DATASET below:
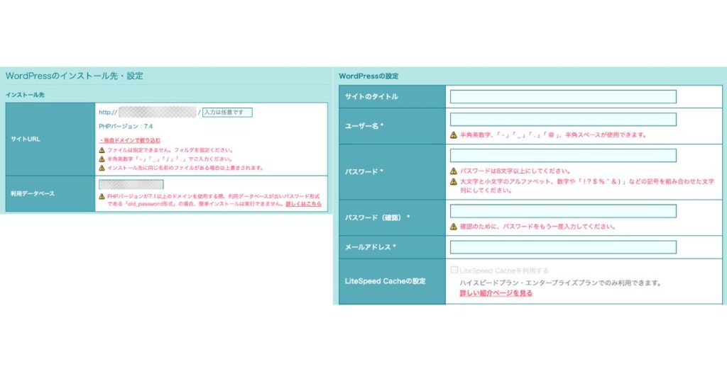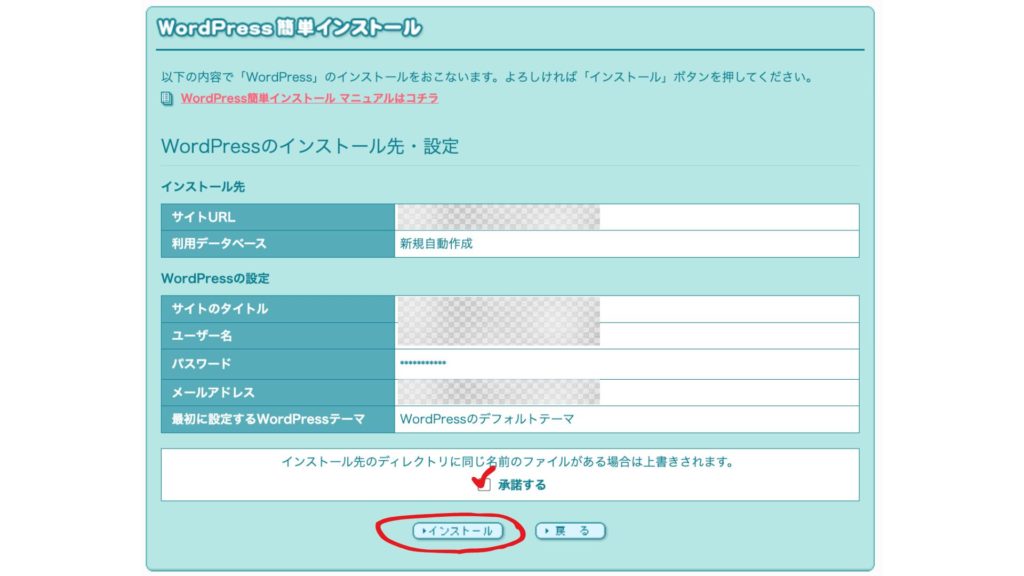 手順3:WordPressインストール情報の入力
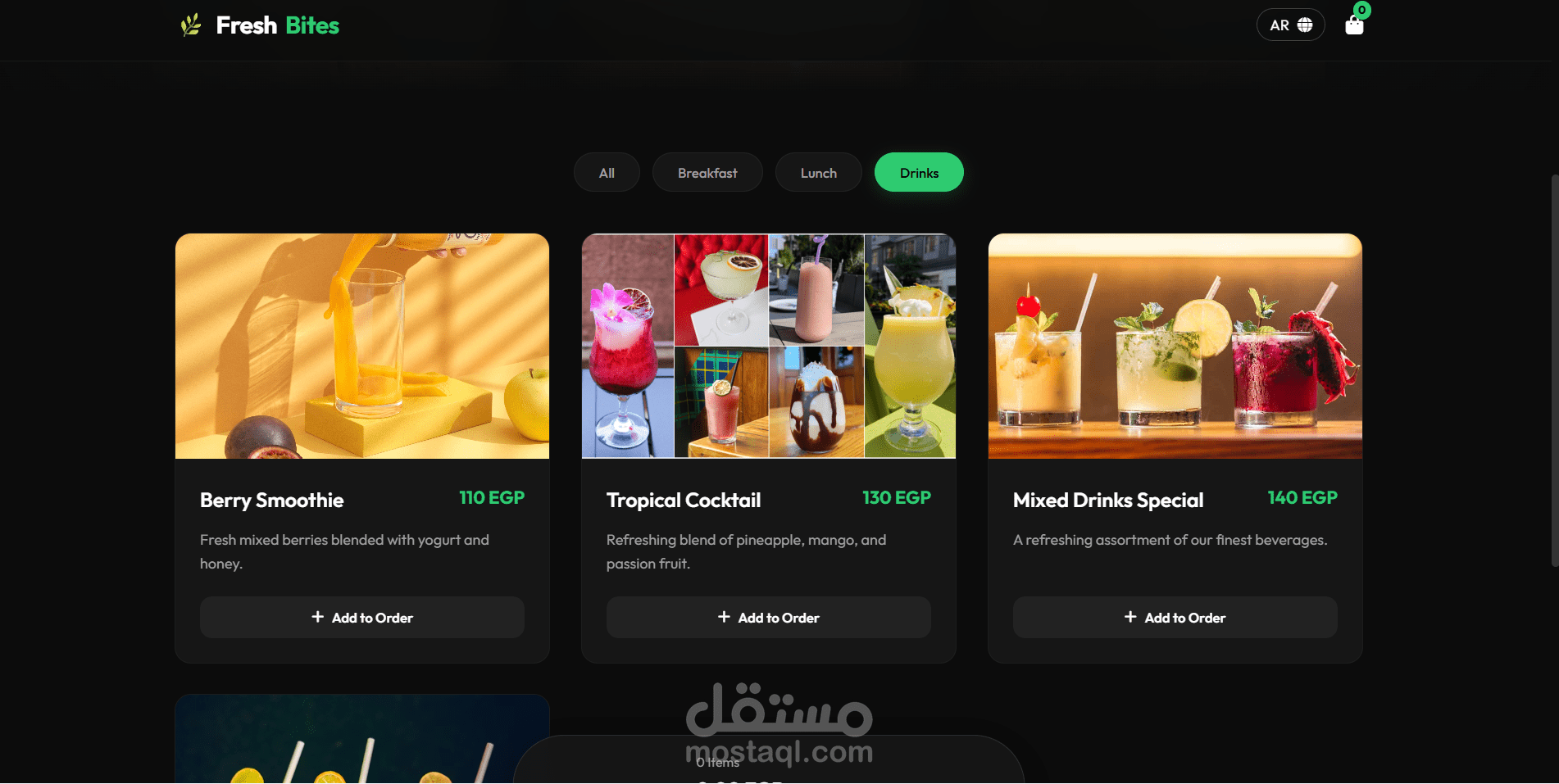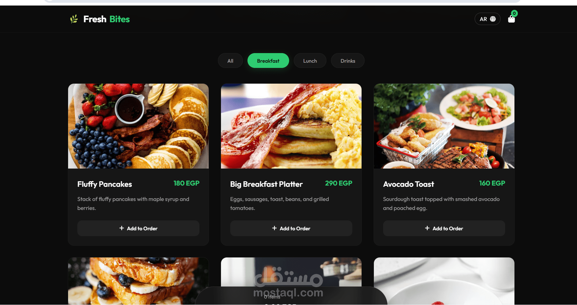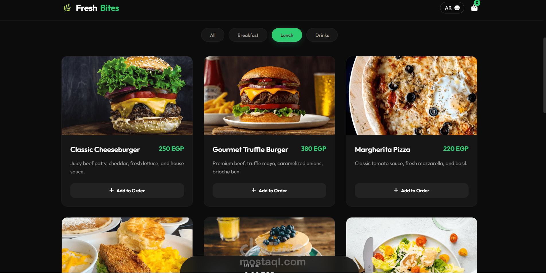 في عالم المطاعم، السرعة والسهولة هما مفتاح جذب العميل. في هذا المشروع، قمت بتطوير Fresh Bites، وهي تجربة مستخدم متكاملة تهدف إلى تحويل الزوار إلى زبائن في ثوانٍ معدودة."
End of DATASET.
DATASET below:
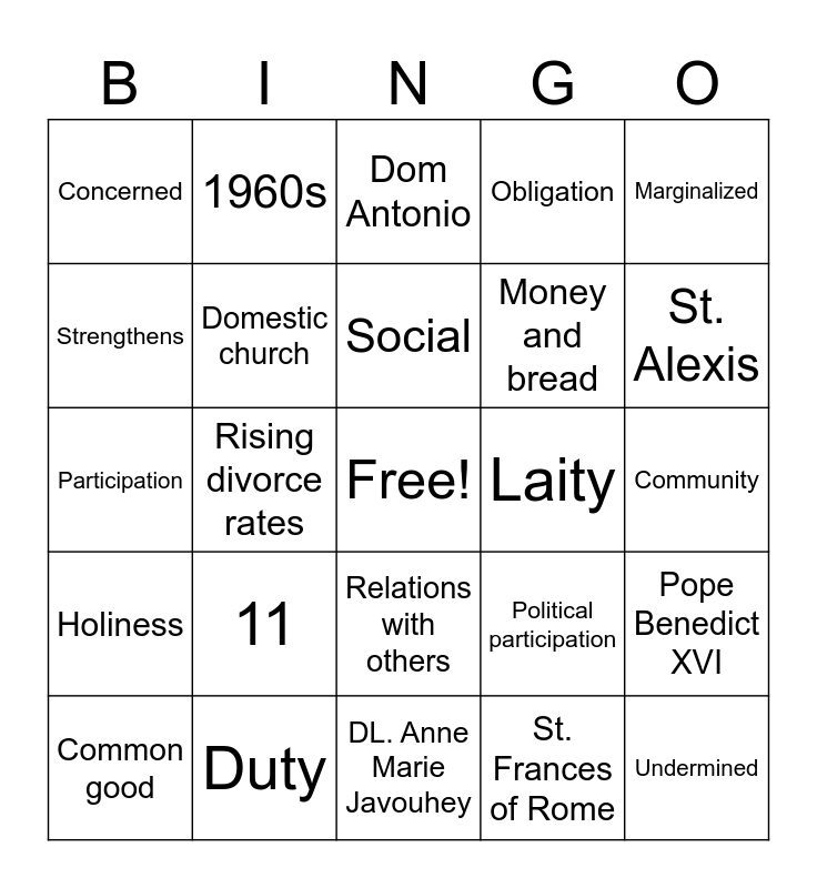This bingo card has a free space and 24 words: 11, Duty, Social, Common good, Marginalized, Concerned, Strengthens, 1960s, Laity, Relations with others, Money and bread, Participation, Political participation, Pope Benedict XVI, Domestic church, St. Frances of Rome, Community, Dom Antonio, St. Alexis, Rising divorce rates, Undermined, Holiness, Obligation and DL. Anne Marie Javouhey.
End of DATASET.
Your answer is the exact run of lines above from the one with "手順3:WordPressインストール情報の入力" through the one with "في عالم المطاعم،", both ends included, minus any picture.

__TASK RESULT__.
 手順3:WordPressインストール情報の入力
 في عالم المطاعم، السرعة والسهولة هما مفتاح جذب العميل. في هذا المشروع، قمت بتطوير Fresh Bites، وهي تجربة مستخدم متكاملة تهدف إلى تحويل الزوار إلى زبائن في ثوانٍ معدودة."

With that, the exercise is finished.